Personal details
- Born: 26 July 1896 Sydney
- Died: 29 September 1965 (aged 69) Ryde, Sydney
- Party: Country Party, Liberal Party

= Les Jordan =

Australian politician

Leslie Charles Jordan (26 July 1896 – 29 September 1965) was an Australian politician and a member of the New South Wales Legislative Assembly from 1944 until his death in 1965 . He was initially elected as a member of the Country Party but changed allegiance to the Liberal Party in 1959.
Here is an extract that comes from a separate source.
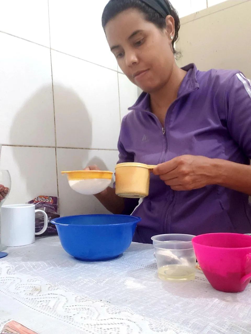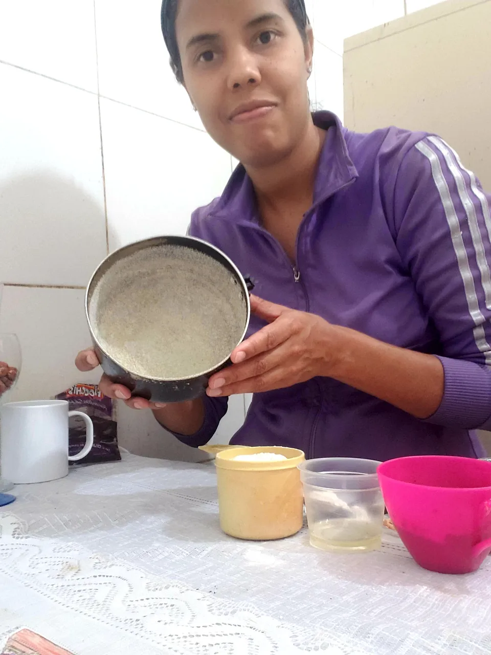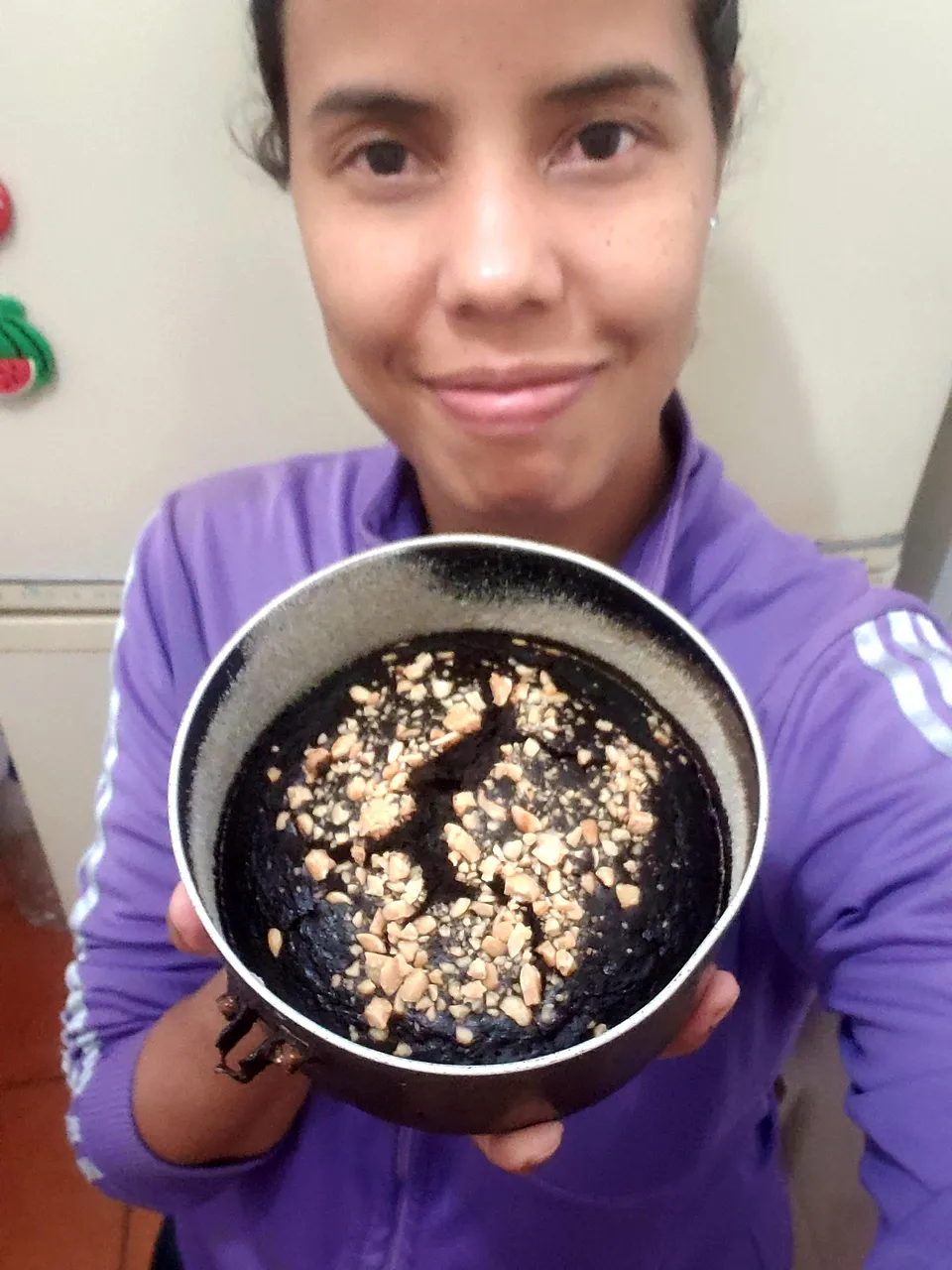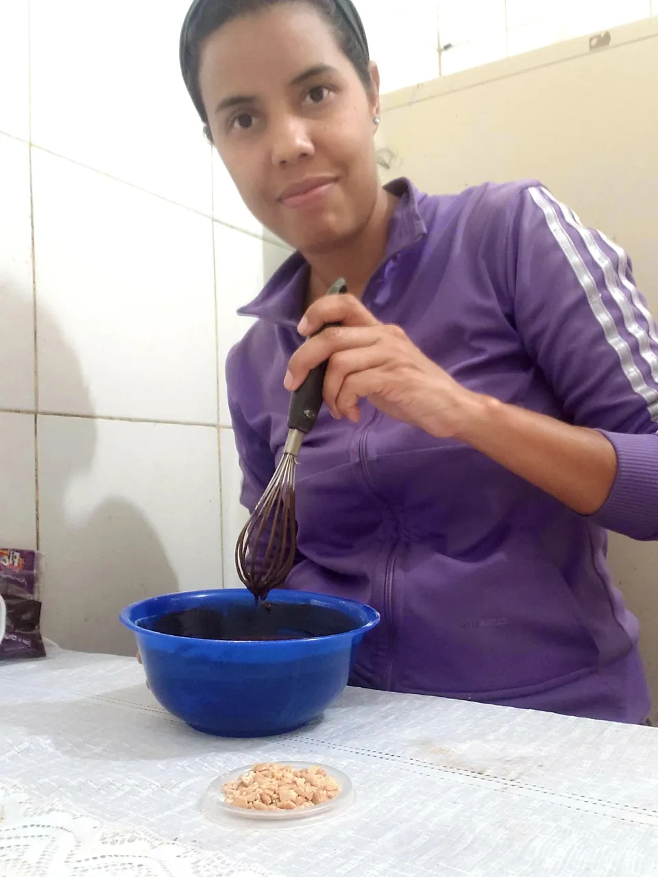 When I had mixed all the solids on one side and all the liquids on the other side, I proceeded to add the liquid mixture to the solid and beat manually until well integrated. The result was a preparation of little thickness, with quite a cocoa smell.

Jordan was born in Sydney and was the son of a brick-maker. He was educated at state schools and initially worked as a dairy farm assistant before becoming a real estate agent. When he was in his 30s, Jordan studied law at the University of Sydney and was called to the NSW bar in 1936. Jordan was an alderman on Ryde Municipal Council between 1935 and 1937 and a councillor on Manning Shire Council between 1951 and 1956. He was shire president during those years. Despite his urban background, he made unsuccessful attempts to win the seat of Raleigh at the 1938 and 1941 state elections. He was eventually elected to the New South Wales Parliament as the "Independent Country" member for Oxley at the 1944 state election. He defeated the sitting Independent member, George Mitchell who was on active overseas war service at the time of the election. He joined the Country party caucus after his election and retained the seat for the party at the next 5 elections. After the 1959 election he changed his party allegiance to the Liberal Party and retained the seat until he died in 1965. He did not hold party, parliamentary or ministerial office.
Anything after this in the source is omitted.